These three concepts (pkg/ai/types.go) are distinct and often confused:

Concept Type What it is Example
Provider ai.Provider who you talk to / who bills you — the vendor or gateway. Determines API-key env var, base URL, compat quirks. openai, anthropic, google, openrouter, groq, xai, … (~35)
API ai.Api the wire protocol — request/response shape. This is the dispatch key. openai-responses, openai-completions, anthropic-messages, google-generative-ai, google-vertex, …
Model ai.Model a concrete model tying an ID to a provider, API, base URL, capabilities, and pricing. gpt-5, claude-..., gemini-...

The key relationship: many providers share one API. Groq, xAI, DeepSeek, Together, OpenRouter, etc. all speak openai-completions. Dispatch happens on model.API, then provider-specific behavior is layered via the Provider field and a free-form Compat map[string]any.

ai.Model carries everything callers need: Reasoning/ThinkingLevelMap/DefaultThinkingLevel, Input/Output modalities, Cost (USD/1M tokens), ContextWindow, MaxTokens, BuiltInTools, Headers, and Compat.

The streaming interface

One uniform interface over every protocol (pkg/ai/stream.go):

ai.Stream(ctx, model, ai.Context{SystemPrompt, Messages, Tools}, StreamOptions) *AssistantMessageEventStream
ai.StreamSimple(ctx, model, ctx, SimpleStreamOptions) *AssistantMessageEventStream   // adds Reasoning + ThinkingBudgets
ai.Complete / ai.CompleteSimple(...)                                                  // block, return final Message

The returned *AssistantMessageEventStream is a buffered channel of AssistantMessageEvent. Event types: start, text_start/_delta/_end, thinking_start/_delta/_end, toolcall_start/_delta/_end, raw (Responses API), terminal done (with final Message), and error. Consume with for ev := range s.Events() or block with s.Result(). StopReason is one of stop | length | toolUse | error | aborted (providers upgrade stoptoolUse when a tool call is present).

StreamOptions exposes two interception hooks every provider honors:

  • OnPayload(payload, model) (newBody, replace, err) — inspect/rewrite the outgoing request body before send.
  • OnResponse(ProviderResponse, model) error — observe HTTP status/headers.

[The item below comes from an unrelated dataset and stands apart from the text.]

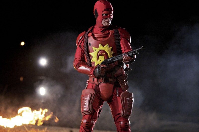 super-rainn-wilson-nei-panni-di-crimson-bolt-217691Recent years have seen a slew of amateur, power-less, ‘regular’ guys having a go at being a superhero. Kick-Ass was probably the most commercially successful, but as a character Dave Lizewsky’s alter-ego wasn’t all that great. This doesn’t mean I’m not greatly anticipating the sequel, despite a director change, but it does mean that the guy gets bumped for Rainn Wilson’s Crimson Bolt from James Gunn’s Super. Granted, the Crimson Bolt is less a superhero and more of a crazed nutjob with a wrench who doesn’t take kindly to people cutting in line, but dammit if he isn’t entertaining to watch. “Shut up, crime!”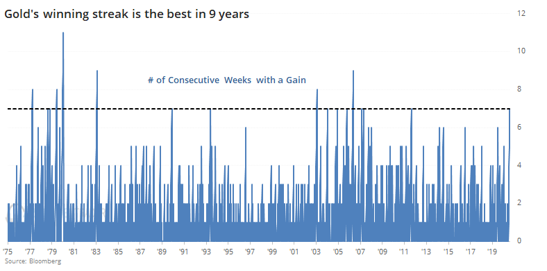 To be sure, gold sentiment is at an off-the-charts bullish extreme, which is contrarian bearish. SentimenTrader pointed out that the current rally represents a seven week winning streak for the shiny metal. “Outside of the late 1970’s run-up, every single signal showed a loss over the next month. Only one of them showed a gain even three months later.”

Content is the universal ContentBlock (text / thinking / toolCall / image / audio), with provenance and signatures for round-tripping reasoning across turns.

Adding a provider

Same protocol, new vendor — usually no code:

  1. Add a model entry in ai-services, or configure a custom provider model with the right API, Provider, BaseURL.
  2. Map the provider to its API-key env var(s) in pkg/ai/env_api_keys.go.
  3. Add any Compat overrides (most base-URL patterns are auto-detected by detectOpenAICompletionsCompat).

A new wire protocol:

  1. Add an Api constant in pkg/ai/types.go.
  2. Implement StreamSimpleX(ctx, model, ai.Context, SimpleStreamOptions) *ai.AssistantMessageEventStream following the goroutine + state-machine template the existing providers use (create stream, spawn goroutine, push start, drive a stream-state machine that mutates the accumulating message and pushes incremental events, push done/error).
  3. Register it: add to RegisterBuiltInAPIProviders (pkg/ai/providers/register_builtins.go) or call ai.RegisterAPIProviderWithSource from your own package's init(). The registry auto-derives missing Stream/CompleteSimple from whatever you provide, and wraps everything with an API-mismatch guard.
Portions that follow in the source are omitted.